Should you really buy a home cash?

Even if you have enough cash in the bank to be able to buy your next home outright, you should probably think twice before you do.

That’s the word from Gerhard Kotzé, who says that using a home loan to finance the purchase is often a better way to go, especially if buyers apply through a reputable mortgage originator that will make sure they are offered the best possible interest rate.

In any case, he says, they should carefully weigh up the following advantages and disadvantages of cash purchases before making a decision:

Advantages of a cash purchase

  • You will save money by not paying interest on a home loan for 20 years. This may seem like an especially attractive proposition if you can then invest at least some of the money you save each year into a tax-free savings account.
  • You will avoid having to worry about being approved for a loan – and the bond registration costs.
  • Your credit record will also not come into question – which could be a major factor if you have had some money trouble in the past that you think might prevent you from being able to secure a loan.
  • You will have 100% equity in your home, which you should theoretically be able to access if you need money for an emergency – and you may find personal satisfaction in owning your home “outright”.
  • You will be an attractive buyer to serious sellers, and the prospect of being able to conclude a faster, simpler deal may even enable you to negotiate a better price.

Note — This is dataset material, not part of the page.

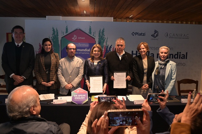 Durante la conferencia de prensa en la que se presentó el programa “Habla mundial” y se formalizó el convenio de colaboración, la capacitación y profesionalización del personal fue señalada como una prioridad estratégica para el sector turístico.

Disadvantages of a cash purchase

  • You will lose liquidity. For most people, buying a home for cash will most likely mean that all the money they currently have – or at least a large percentage of it – will be tied up in one asset, leaving little to spare for other investments or savings or emergencies.
  • If you only want to invest in property, you should seriously consider spreading your risk by using your cash to put down deposits on two or more homes and obtaining a loan for the remainder of the purchase price in each case. There could also be tax benefits in owning one or more rental properties, as well as the possibility of better returns on your capital.
  • You will have no gearing protection. If all your money is in your home and property prices drop, you will suffer that percentage drop on the whole amount you paid. For example, if the cash purchase price was R1m and the market were to drop by 10%, you would lose R100 000 worth of value. But if you obtained a loan and only pay a R100 000 deposit in cash, your loss should prices drop 10% would only be R10 000, with the bank bearing the loss on the remainder.
  • Property can take weeks or months to sell, which can be a problem if you need money quickly. Even trying to raise a home loan against your paid-for property can take too long if you have a real emergency.
  • No bank valuation. When you apply for a home loan, the bank will usually send a valuator to see that there is sufficient value in the property to justify the purchase price. This will not happen if you buy for cash, so you will have no “third party” confirmation that you are not overpaying.

Obviously, says Kotzé, the decision about how to pay for your home is a personal one, but you should definitely not decide to do away with a bond and part with a large amount of cash on the spur of the moment. “You really must seek professional help to make a proper assessment of your overall financial situation and long-term investment plans before you make such a major move.”